In the early 20th century, physicians began to use the tracheotomy in the treatment of patients affected by paralytic poliomyelitis who required mechanical ventilation. However, surgeons continued to debate various aspects of the tracheotomy well into the 20th century. Many techniques were described and employed, along with many different surgical instruments and tracheal tubes. Surgeons could not seem to reach a consensus on where or how the tracheal incision should be made, arguing whether the "high tracheotomy" or the "low tracheotomy" was more beneficial. The currently used surgical tracheotomy technique was described in 1909 by Chevalier Jackson of Pittsburgh, Pennsylvania. Jackson emphasised the importance of postoperative care, which dramatically reduced the death rate.
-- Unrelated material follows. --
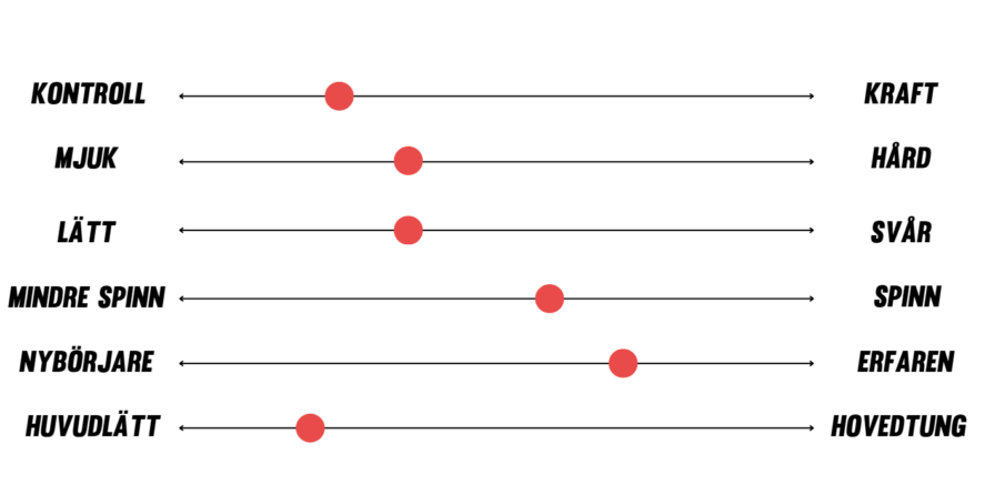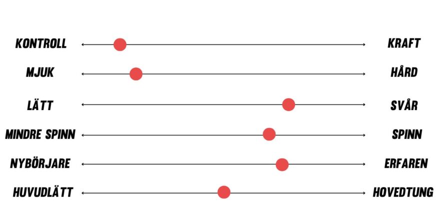 Lätt vs. Svår: Berättar hur svårt racketen är att spela med. Vanligtvis säger man att en mindre sweetspot gör racketet svårare att spela med, eftersom du måste träffa sweetspoten för att träffa bollen rent.
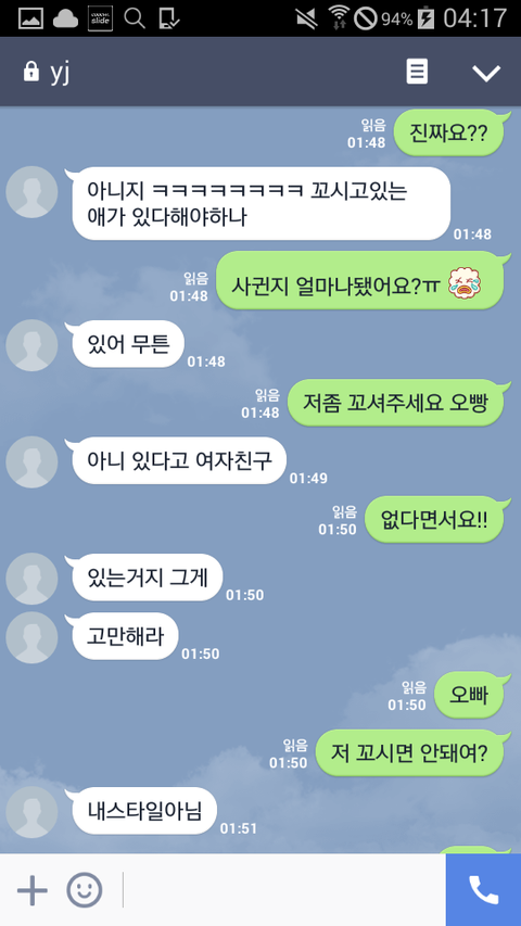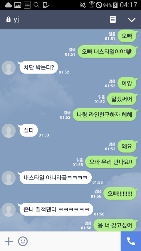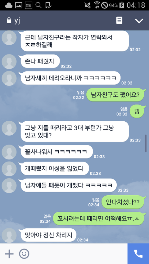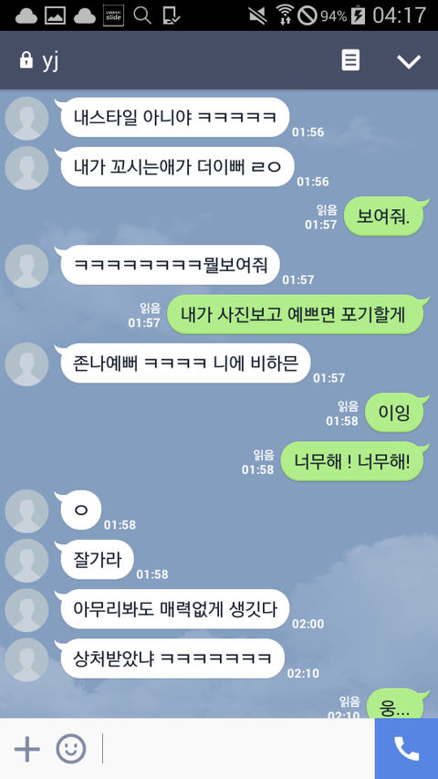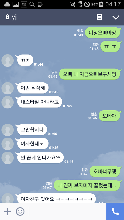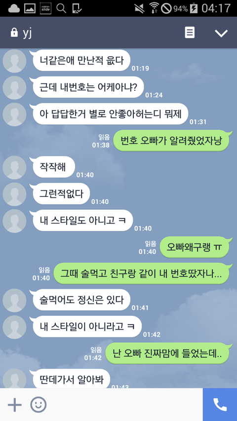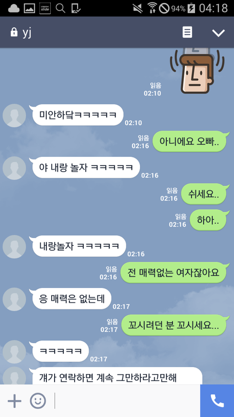 저는 분노했고 여자친구에게 그의 라인 아이디를 저에게 보내라고 했고 저는 라인으로 연락했습니다. (카톡은 전남친이 자꾸 끊긴다며 라인이 편하다는 이유)

By 1965, the surgical anatomy was thoroughly and widely understood, antibiotics were widely available and useful for treating postoperative infections, and other major complications had also become more manageable.

==Society and culture==
Notable individuals who have or have had a tracheotomy include Catherine Zeta-Jones, Mika Häkkinen, Stephen Hawking, Connie Culp, Christopher Reeve, Roy Horn, William Rehnquist, Gabby Giffords, George Michael, Val Kilmer, and many others.

Across movies and TV shows, there are many situations where an emergency procedure is done on an individual's neck to re-establish an airway. An example is in the 2008 horror film, Saw V, in which a character being drowned from the neck up performs a manual tracheotomy, stabbing his neck with a pen to create an airway to breathe through. The most common procedure is a cricothyrotomy (or "crike"), which is an incision through the skin and cricothyroid membrane. This is often confused or misnamed as a tracheotomy (or "trach") and vice versa. However, they are quite different based on location of the opening and length of time the alternate airway is needed.
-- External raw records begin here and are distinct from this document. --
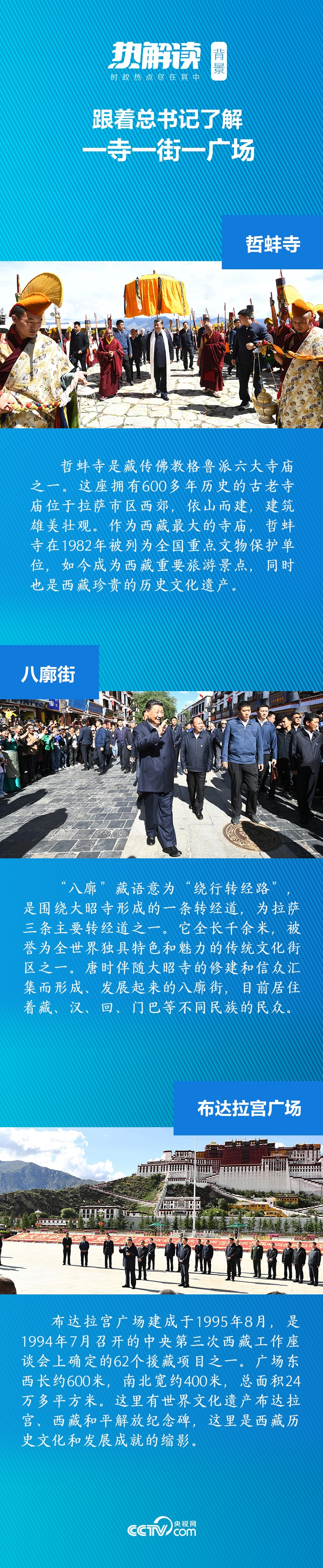 7月22日,习近平总书记先后来到位于拉萨市的哲蚌寺、八廓街、布达拉宫广场,考察民族宗教、古城保护、藏文化传承保护等工作,并同群众亲切交流。一寺一街一广场,“中华民族特色文化”是总书记此行关注的重要主题。
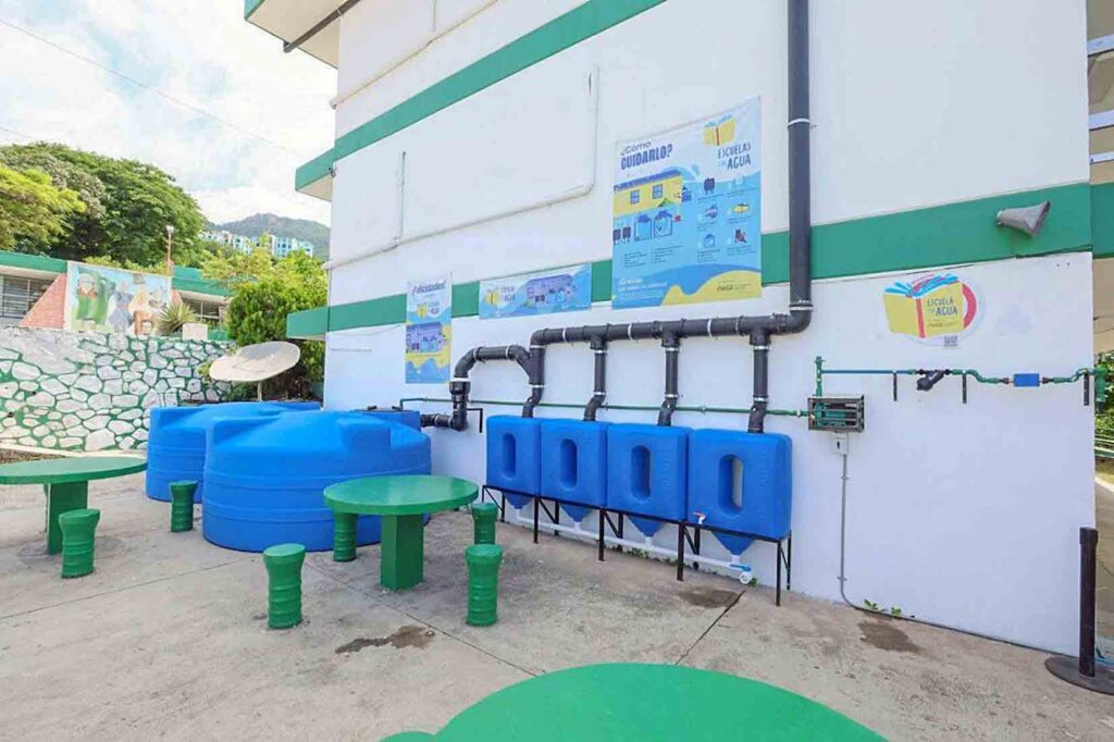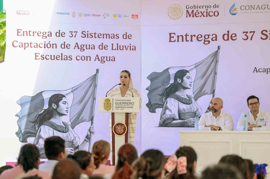 Acapulco, Gro., En una coordinación de esfuerzos entre los tres órdenes de gobierno y la iniciativa privada, la mandataria estatal, Evelyn Salgado Pineda, entregó 37 Sistemas de Captación de Agua de Lluvia del programa “Escuelas con Agua”, beneficiando a más de 7 mil 600 estudiantes, de diferentes instituciones de los municipios de Acapulco, Atoyac y Coyuca de Benítez. Con esta puesta en marcha, se fortalece la distribución y acceso a este servicio básico, construyendo un entorno más digno y sostenible para mejorar las condiciones de desarrollo de las comunidades educativas.
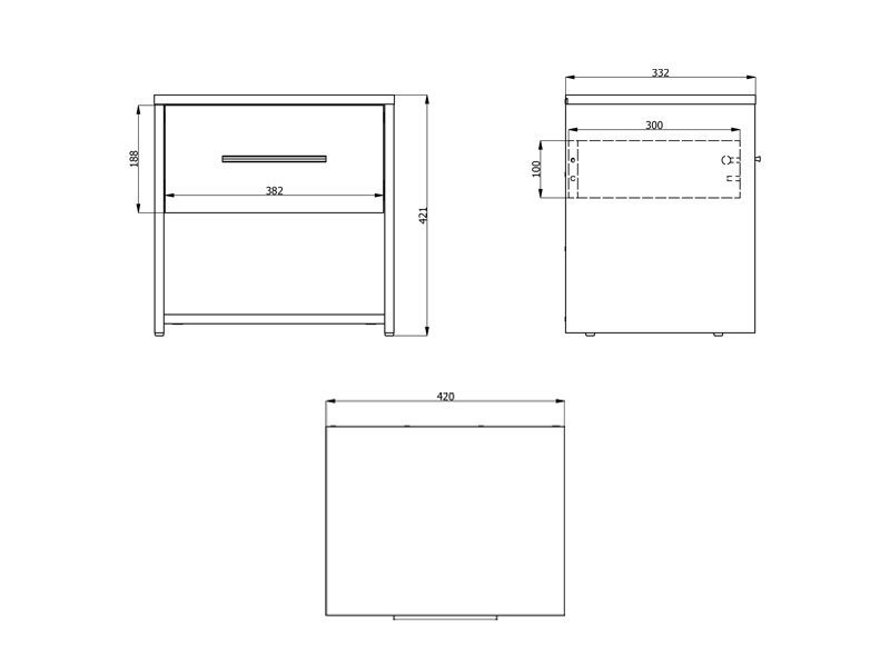 Odlično raspoređen upotrebni prostor noćnog ormarića čine jedna praktična fioka i otvorena polica.
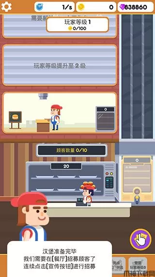 4、此时汉堡已经准备完毕,我们需要在餐厅招募顾客了,连续点击右下角的宣传按钮进行招募。
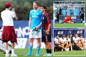 此役德布劳内首发出战,上演那不勒斯首秀,赛后多位阿雷索球员找到德布劳内,请求与他合影。
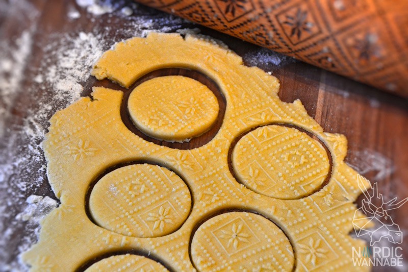Ich schrieb eine Mail an Nordliebe und bekam ein neues Rezept. Dies sollte meine Rettung sein. Das Rezept findet Ihr übrigens hier. Zwar war dieses anfangs auch zu klebrig, aber mit genügend Mehl zusätzlich hat es geklappt. Ich habe tatsächlich Kekse mit Mustern gebacken. Der Teig wird auf einer bemehlten Arbeitsfläche ausgerollt und dann mit einem Glas oder Ausstechformen ausgestochen.
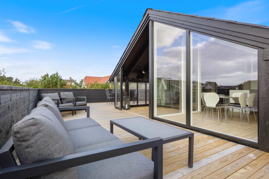 Når solen står højt på himlen og fuglene synger, er det oplagt at trække ud på terrassen, som ligger i forlængelse af alrummet. Terrassen er afskærmet med stakit, så I kan sidde ugerenet og nyde solen og det dejlige landskab.
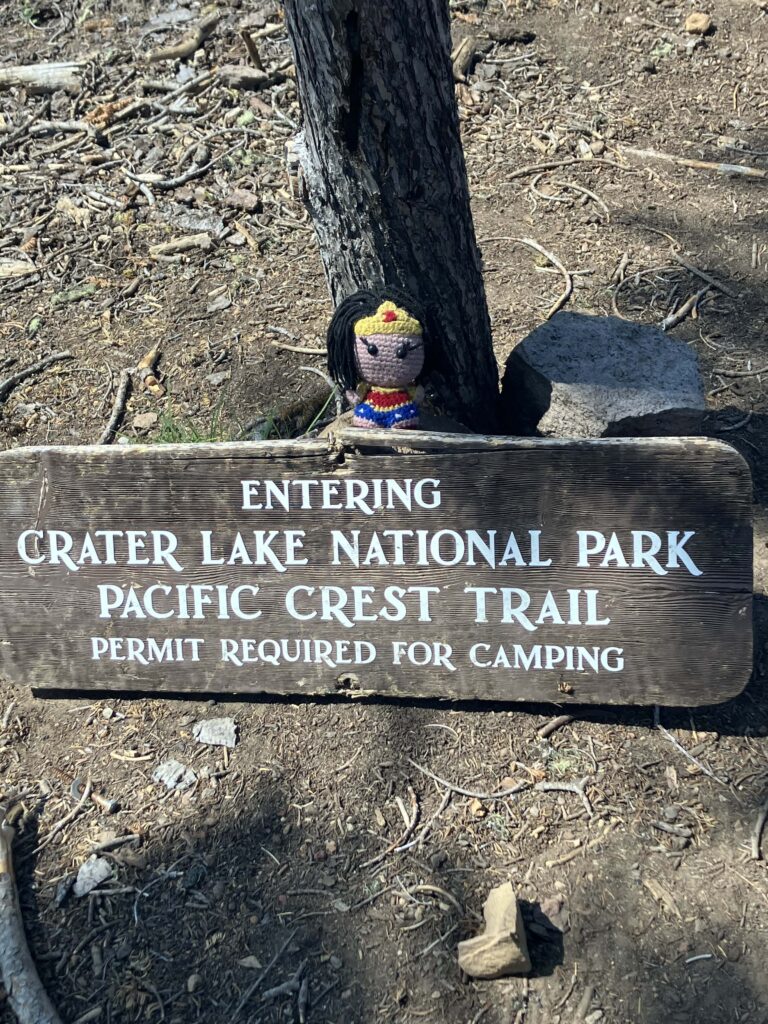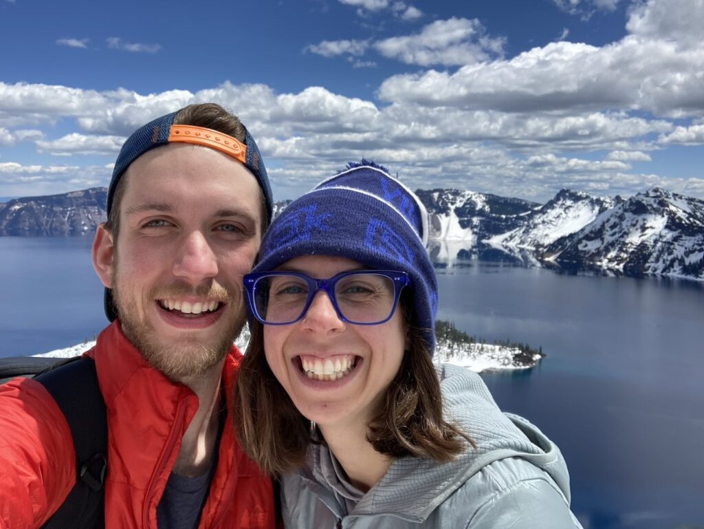 The next day was even warmer, the woods sparser and then giving way to a badly burned and exposed section of trail with little water. Oregon is, so far, much better at trail maintenance than California, with no overgrown bushes and most fallen trees cleared from the trail. But there are still a few gnarly sections of downed trees, mostly in burned areas, and this was one of them. So, not the easiest going. All of this was made manageable though by the fact that the section ended in Crater Lake National Park. Indeed, as if by magic, pretty much as soon as the trail crossed the park boundary, the burn ended and the trail was in excellent condition. Crater Lake is a section of the trail that everyone looks forward to, with good reason. Unfortunately, surrounding fires had made the whole area thick with smoke, not really ideal conditions for experiencing the lake. I’m lucky enough to have been there several times, and it is in fact a very special place for me, as it is where I proposed to Ben. (We agreed that I should be the one to propose, because I am better at planning and executing surprises.) So I was happy to be back, even if it wasn’t under the hoped for circumstances. The trail was closed in the park and for about 60 miles north. The camp host at the park campground was giving daily rides around the closure, so I signed up to go with him the next morning. You could still hike the rim trail around part of the lake, but given the thick smoke, I had decided not to, preferring to come back and hike this section at a better time. Indeed, the next morning when we drove along the rim headed north, there was so much smoke that you couldn’t see the lake at all. (Since I wasn’t able to get any pictures on this trip, here is a picture from when Ben and I got engaged, with the lake the way it was meant to be seen and experienced.)

Another example of an emergency attempt at this procedure is featured in the 2013 comedy film The Heat, where Sandra Bullock’s character, Sarah Ashburn, attempts to perform the operation on a person choking on a pancake in a Denny's, but fails. Melissa McCarthy’s character, Detective Mullens, then presses hard on the man's chest, causing the piece of food to be expelled from his mouth.